= ICL Distributed Array Processor =

The Distributed Array Processor (DAP) produced by
International Computers Limited (ICL) was the world's first commercial
massively parallel computer. The original paper study was
complete in 1972 and building of the prototype began in 1974.
The first machine was delivered to
Queen Mary College in 1979.

==Development==
The initial Pilot DAP was designed and implemented by Dr Stewart F Reddaway with the aid of David J Hunt and Peter M Flanders at the ICL Stevenage Labs. Their manager and a major contributor was John K Iliffe, designer of the Basic Language Machine and known for Iliffe vectors. The pilot implementation had a 32×32 processing element arrangement.

The ICL DAP had 64×64 single bit processing elements (PEs) with 4096 bits of storage per PE. It was attached to an ICL mainframe and its memory was mapped into the mainframe's memory. Programs for the DAP were written in DAP FORTRAN which was FORTRAN extended with 64×64 matrix and 64 element vector primitives. DAP Fortran compiled to an assembly language called APAL (Array Processor Assembly Language). The DAP had a single instruction, multiple data (SIMD) architecture.
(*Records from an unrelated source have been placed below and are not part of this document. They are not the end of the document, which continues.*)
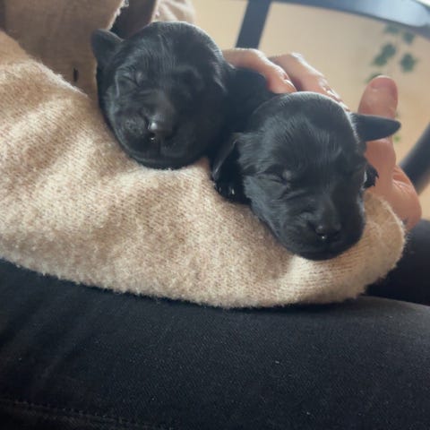 Hendes far er sankt Bernhard hendes mor er new foundlænder / berner sennen - så hun bliver en stor hund - hun vejede 39 kg da hun var 7,5 måned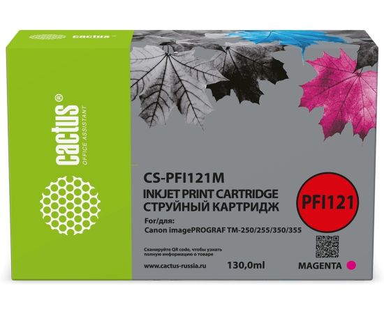 Картридж струйный Cactus CS-PFI121M PFI-121 M пурп.пигм. 130мл для Canon imagePrograf TM-250/255/350/355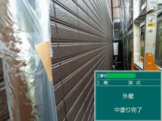 中塗り完了。中塗りでは塗膜に厚みを持たせ、耐久性を向上させます。 塗りムラが出ないよう、均一に丁寧に施工します。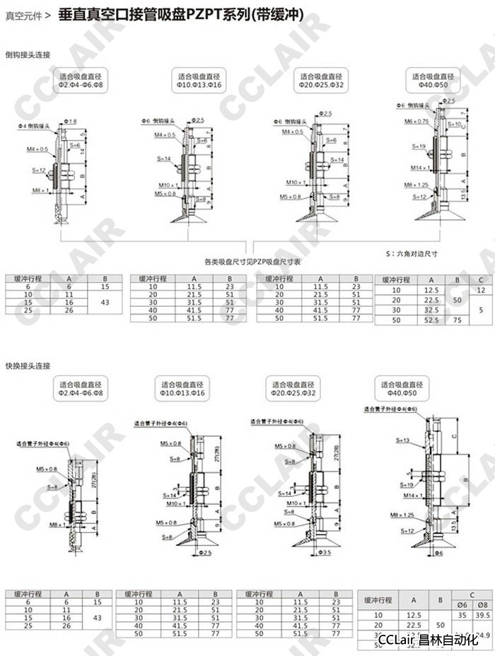 PZPT06UK6,PZPT08UK6,PZPT10UK6,PZPT13UK6,PZPT16UK6,PZPT20UK6,垂直真空口接管吸盤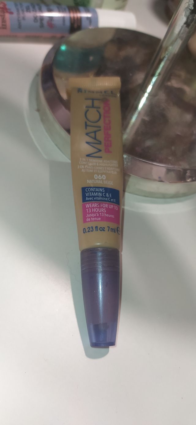 Korektor Rimmel Match Perfection rozjaśniający z pędzelkiem. Jak widać korektor już niestety się skończył. Korektor jest o pojemności 7ml. Jest super, ma świetną konsystencję, zakrywa niewielkie cienie pod oczami, ładnie rozświetla, długo utrzymuje się na twarzy. Jego cena w Rossmannie to około 32zł.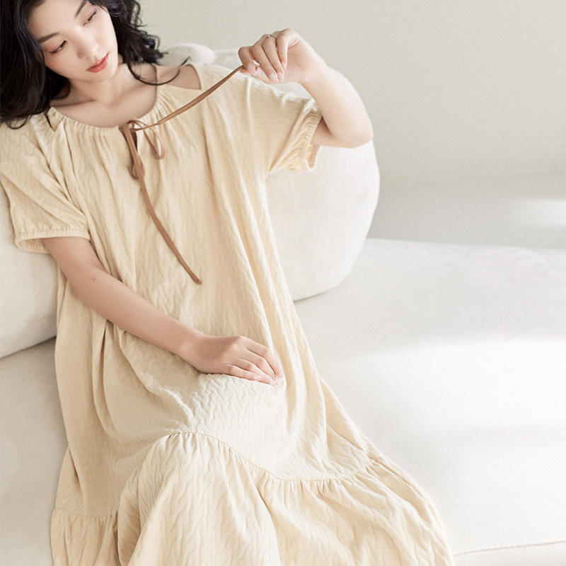 【凉感型】睡裙夏季女纯棉短袖薄款性感纯欲风可外穿长款睡衣夏天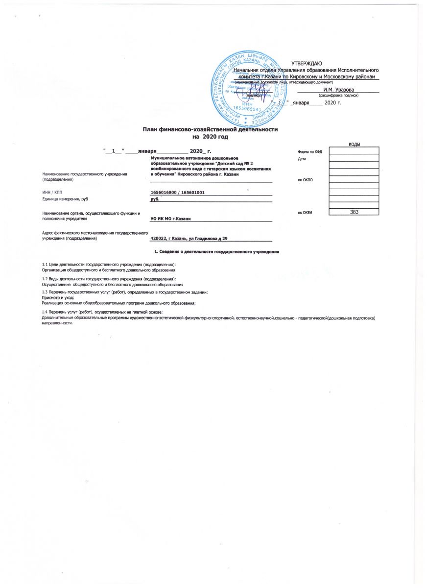 План финансово-хозяйственной деятельности за 2020 год
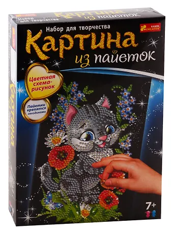 Набор содержит: цветные пайетки, гвоздики, цветная схема, пенопластовая основа, инструкция.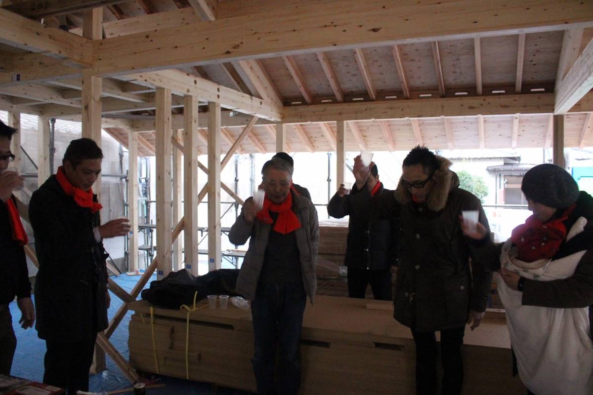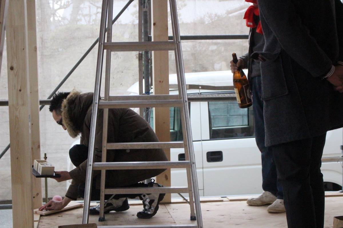 家の四隅に、お施主様と棟梁で酒と塩と米をまいて清めます。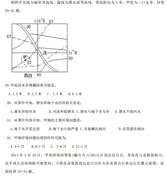 河北衡水中学2017届高三上学期小二调考试地理试题及答案(7)

Each operation could be performed under the control of a mask which controlled which elements were affected. Array programs were executed as subroutines of normal mainframe FORTRAN programs and IO was handled by the mainframe.
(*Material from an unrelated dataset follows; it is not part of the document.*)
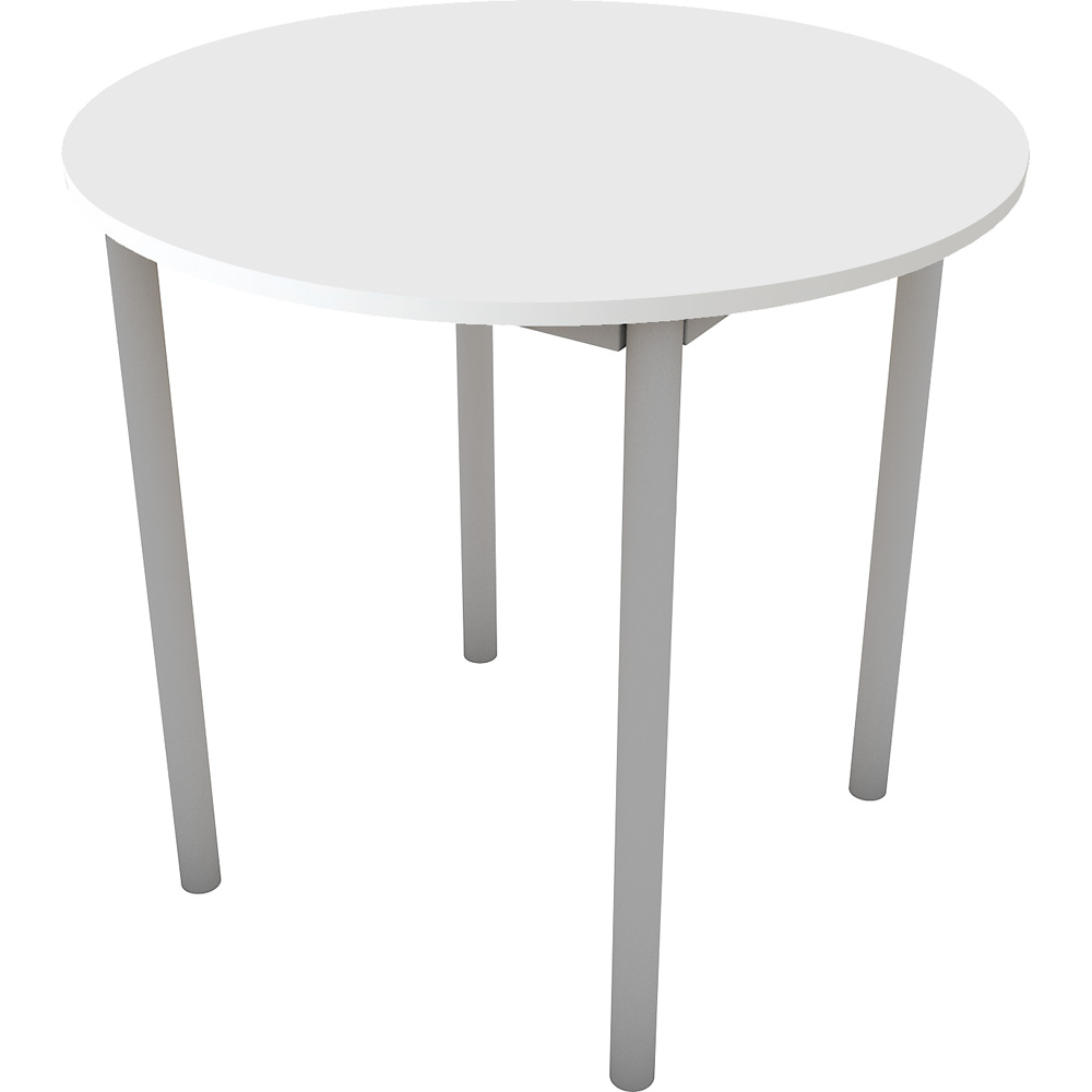 Tisch mit alufarbenem Metallgestell. Die Tischbeine sind höhenjustierbar (bis 25 mm) zum Ausgleich von leichten Bodenunebenheiten. Tischplatte aus laminierter Spanplatte (Stärke 25 mm) mit 2 mm starken ABS-Kanten, in verschiedenen Dekoren erhältlich.

Operationally, there was an overhead to transfer computational data into and out of the array, and problems which did not fit the 64×64 matrix imposed additional complexity to handle the boundaries, but for problems which suited the architecture, it could outperform the current Cray pipeline architectures by two orders of magnitude. The ICL 2980 was not a popular machine and this held back the use of the DAP as an attached processor was restricted initially to this one range.

The design as described in Reddaway's 1973 paper is pretty much that which was implemented in the first commercial version except the facility to supply address bits from the processing elements was removed. This change greatly simplified hardware error detection. A notable extra facility was carry propagation to simplify vector mode addition.

==After ICL==
The DAP [IP] was sold off to a venture capital-funded start-up company Active Memory Technology
(AMT) which was then taken over by Cambridge Parallel Processors (CPP). It was enhanced and made smaller and faster as the Gamma series. An 8-bit processor with some local 8-bit wide memory was added to the processor and fast IO capabilities were implemented. It could be programmed in either C++ or Fortran-Plus. These were more flexible than DAP FORTRAN, in particular they automatically took care of choosing a mapping from user specified matrix and vector bounds to the underlying hardware.
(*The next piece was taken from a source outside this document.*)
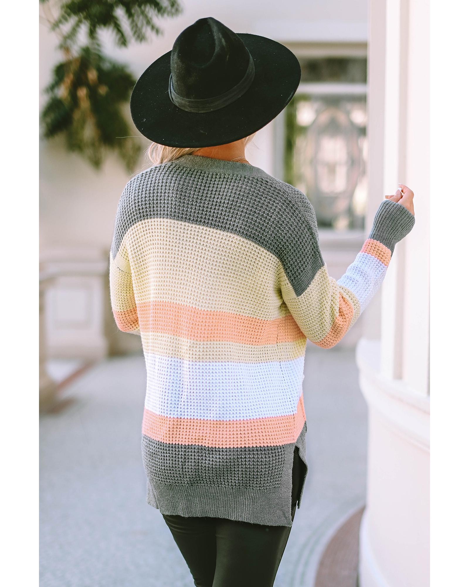 Multicolor Color Block Striped Pocketed Open Cardigan – S

Sample DAPs are in storage at the Computer History Museum.

CPP ceased trading in 2004.

==Mini-DAP and Mil-DAP==

An initiative to develop a smaller 32x32 version of the DAP for the PERQ workstation was initiated at the end of 1981, provisionally named PERQ-DAP and later known as Mini-DAP. Refinement of this concept identified applications such as computer-aided design and signal processing for defence applications. PERQ's broader audience than the mainframes otherwise required to utilise the DAP led ICL to estimate total sales of 1000 systems by 1986 at a unit cost of £25,000. Although the initial concept did not establish the nature of this DAP configuration, whether it would be a separate networked device accessible from the PERQ or integral to the PERQ itself, input from research users steered the design towards the latter arrangement, motivated by the possibilities of the DAP's own memory providing the framebuffer for the PERQ's colour display.

Disputes over funding and project ownership, concerns about the lack of readiness of the desired Unix application environment for the PERQ, lobbying by GEC representatives to favour their own vector processing systems, and ICL's own concerns about the mishandling of commercially sensitive information all contributed to a lack of progress and lengthening delays to the delivery of prototypes. Estimates of mid-1983 deliveries became dates in the first half of 1984 and then the start of 1985. Eventually, experiencing problems with the data connection between the PERQ-DAP memory and the display, and with ICL having "little technical experience in this area", the company proposed dropping the display integration from the product until funding could be secured to develop and restore this feature.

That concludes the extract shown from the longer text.